Recent studies on being moved or awed commonly explored its co-occurrence with tears and goose bumps, and have observed increases in autonomic nervous system (ANS) responses for peak moments of being moved, including increased heart rate.
Being moved is a positive emotion that occurs when positive core values arise against a backdrop of negativity regard being moved as a mixed emotion that often occurs in response to art reception but also as a more general response to highly moral situations that are compatible with self-ideals or pro-social norms, and significant aspects in any relationships.
Beauty as object always inspires us, moves us, but, humans seem to be prejudiced against the product of their own mind so much so that they abjure anything that is purely emotional.
But as George Santayana has beautifully (again beautifully, more than a quality) laid down that we have to recognize wholeheartedly that our great world of perception is influenced by our very own aesthetic feelings (Santayana, George 1896, The Sense of Beauty).
Philosophers may try to opine that moral and aesthetic judgments are expression of objective truth, and not merely expressions of human nature or else they would be condemned as hopeless triviality.
But they ignore it that any judgment is not trivial just because it is grounded upon human feelings rather triviality rests upon abstraction from human nature.
We enjoy the sublimity of the perceived object than that which is overt.

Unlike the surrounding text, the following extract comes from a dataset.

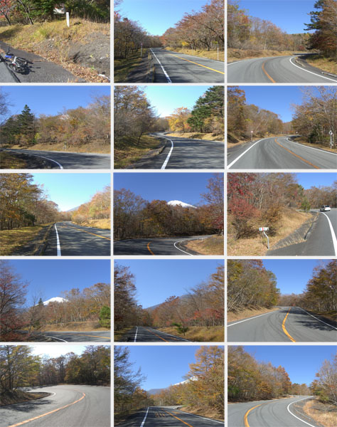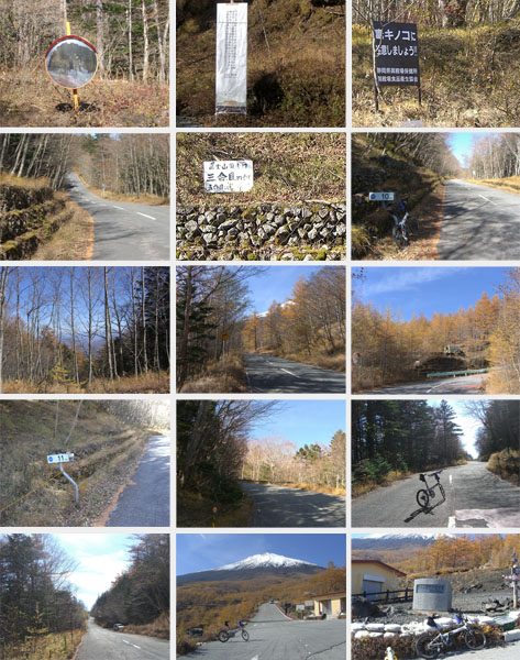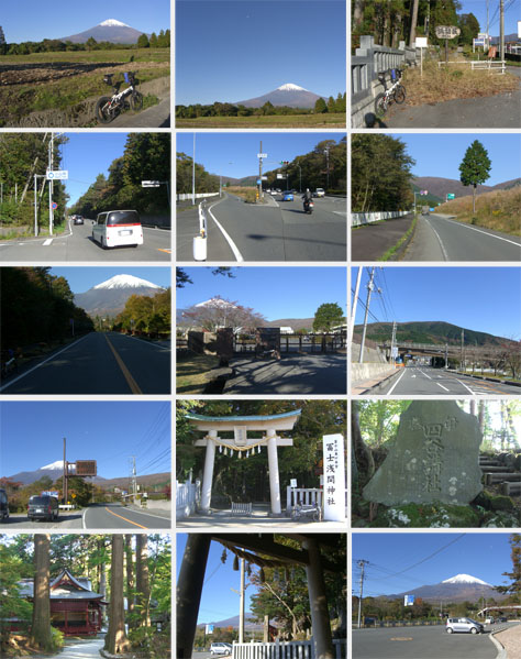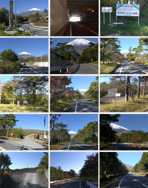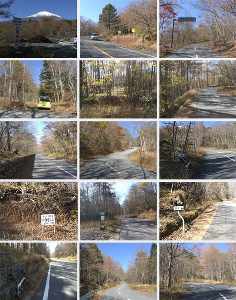 ●R138号線沿いにて(1段目上・中)/諏訪坂看板前にて(1段目右)/御殿場市と小山町境界にて(2段目左)/須走南付近にて(2段目中・右、3段目左)/自衛隊富士学校前にて(3段目中)/須走インター付近にて(3段目右)/富士浅間神社付近にて(4・5段目)

Things that have stood test of time and have been admired for generation which may evoke positivity at first sight may lead to negativity flashes up in the midst of positivity, and this negativity as Katz pointed out “derives precisely from the fleetingness, ephemerality, fragility, or scarcity of the moment.”
The mundane hardly moves us, the singularly beautiful, moving, and sublime, elevating that moves us to joyful tears. There are those who have guilty pleasure of weeping however, deeply moving experience have a positive value judgment about the unexpected shaping of a value holding importance in our life and simultaneously it may evoke a negative value judgment concerning the ‘precariousness’ and ‘ephemerality’ of the positive value judgment.